Поезд ныряет в туннелях с тонким, каким-то беспомощным вскриком. Путь вьется и подымается в горы. Посвежело. Чувствуется близость снега.

Вот и станция Земмеринг, на перевале. Всюду глубокий снег и тишина. Поезд уйдет. И опять все погрузится в молчание. Воздух необычайно чист. Такого нет в долинах. Тирольки в круглых шляпах и коротких юбках продают засушенные эдельвейсы и ароматные еловые ветки. Все выбежали на платформу и смотрят на горы.

Маня лежит в купе, закрыв глаза. Штейнбах не знает, сон это или слабость. Он боится перевернуть газету.

Поезд прошел перевал и стремительно бежит вниз.

Вдруг шумна отворяется дверь, и входит фрау Кеслер.

– Спишь? Вставай скорее, Маня!.. Видны Альпы… Маня садится и поднимает ресницы. Какая пустота в ее взгляде!

– Хочешь выйти? – шепотом спрашивает Штейнбах.

«Мне все равно», – отвечает ее лицо.

О, эти жесты! Эта походка! Лишенные души. Автоматичные, как у куклы. Все та же! Та же…

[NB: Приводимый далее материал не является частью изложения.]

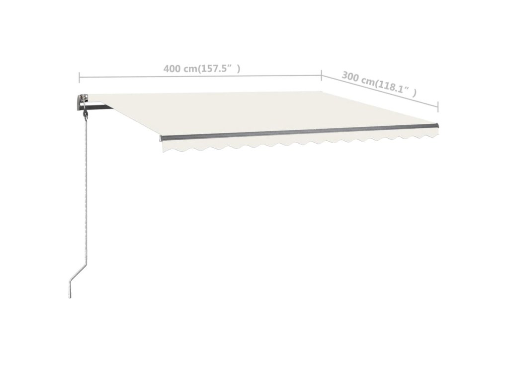 Před montáží a použitím výrobku je třeba si přečíst návod k obsluze. Tento návod si uschovejte pro budoucí použití. Tento výrobek je určen pouze pro venkovní a domácí použití jako ochrana před sluncem nebo dekorace. Nikdy jej nepoužívejte k jiným účelům ani výrobek neupravujte. Nepoužívejte jej na místech, kde dochází k vibracím, impulzům neob vysokým teplotám, například na stěnách v blízkosti pecí. Při montáži a nastavování markýzy vždy používejte vhodné osobní ochranné pomůcky. Při práci ve velkých výškách hrozí nebezpečí pádu, používejte vhodnou ochranu proti pádu. Při montáži buďte opatrní, může hrozit nebezpečí rozdrcení nebo useknutí. NEODSTRAŇUJTE bezpečnostní fólie. Tyto fólie lze odstranit až po dokončení všech montážních kroků, po upevnění všech šroubů a po připevnění výrobku ke stěně. Při předčasném odstranění fólie může dojít k vážnému zranění. Tento výrobek a jeho upevňovací díly jsou vhodné pouze pro instalaci na hladkou cementovou zeď nebo stabilní neomítnuté zdivo. Pokud stěna/zdivo vykazuje trhliny, je třeba se poradit s odborníkem. Pokud má vaše budova vnější plášť (např. izolaci, dvojitou cihlovou stěnu nebo cihlový obklad), měl by instalaci provést odborník. Nikdy neinstalujte na vysokých a větrných místech, protože by sluneční clona mohla spadnout a zranit osoby. Markýzu neinstalujte, pokud zjistíte, že jsou některé díly poškozené nebo zcela chybí. Vnější žaluzie se musí stáhnout v případě, že je rychlost větru vyšší než 28 km/h. Před otevřením markýzy se ujistěte, že jsou všechny držáky bezpečně připevněny ke stěnovým hmoždinkám a všechny šrouby jsou řádně dotaženy. VŽDY markýzu zavírejte při silném nebo prudkém větru, dešti a v době, kdy ji nepoužíváte. V opačném případě může dojít ke zranění osob a/nebo poškození majetku. Také výsuvná ramena jsou pod vysokým napětím a mohou způsobit vážné poškození nebo zranění. Děti by měly být pod dohledem, aby se zajistilo, že si se zařízením nebudou hrát. Nepoužívejte jej, pokud je nutná oprava nebo seřízení. Nepoužívejte markýzu, pokud se v její blízkosti provádí údržba, například mytí oken. Provoz v mrazivých podmínkách může markýzu poškodit. Nepokládejte na rám těžké věci, protože by mohly spadnout a způsobit poškození. Příliš pevné a příliš volné upevňovací prvky by mohly způsobit poškození výrobku nebo být nebezpečné pro osoby. Upozornění: Tkanina by se během provozu neměla prověšovat, jinak se na ní bude hromadit voda. Tkaninu nerozbalujte a neperte. Pokud potřebujete látku vyměnit, obraťte se s žádostí o pomoc na odborníky. Při ovládání ručního spouštění se zataženou vnější roletou buďte opatrní, protože může dojít k jejímu rychlému pádu v důsledku slabých nebo poškozených pružin. Nebezpečí! Silná pružina. NEODSTRAŇUJTE toto lano, dokud nedokončíte všechny kroky montáže, všechny šrouby nejsou utažené a předmět není připevněn ke zdi! Varování! Při povolování ramen dbejte opatrnosti, neboť jsou pod mechanickým tlakem! Náhlé uvolnění skládacího ramene může způsobit zranění. Varování: Před použitím výrobku si pečlivě přečtěte návod k obsluze. Varování: Používání při teplotách pod bodem mrazu může produkt poškodit. Externí použití v budovách a jiných stavbách.

Они выходят в коридор. Все прильнули к окнам. Вдали залегла серебристая туча с четко изломанными краями.

– Тирольские Альпы, – взволнованно говорит фрау Кеслер. – Я там жила девушкой…

Маня смотрит вдаль. Штейнбах смотрит на нее. Ему чудится… Или это ошибка? Нет… Глаза ее ожили. Лицо теряет бездушие маски. Брови поднялись, удивленные.

Штейнбах боится выдать свое волнение.

Мелькают белые стройные виадуки. К полотну подходят горные ущелья. Леса, утонувшие в снегах, лепятся на уступах. Водопад свергается вниз, сверкая, как атласная лента. И весь зеленый, бежит и бурно пенится горный поток, кидаясь в долину. Горы громоздятся… Все выше и выше… Ничтожным и смертным чувствует себя человек.

Она молчит, стараясь вспомнить что-то важное для нее.

Долина становится все уже… Кажется, дальше уж некуда ехать… Вдруг крутой поворот… И вдали, сверкая на солнце, развертывается горная цепь. Призрачное, неподвижное, далекое от жизни, безмолвное царство вечных снегов…

И он вдруг поразительно ясно чувствует, что дрогнули очи ее души, ослепшие от горя и мрака. Он чувствует трепет разбуженной мысли. Что даст она. Бесцельное страдание? Или же осмысленную тоску исканий?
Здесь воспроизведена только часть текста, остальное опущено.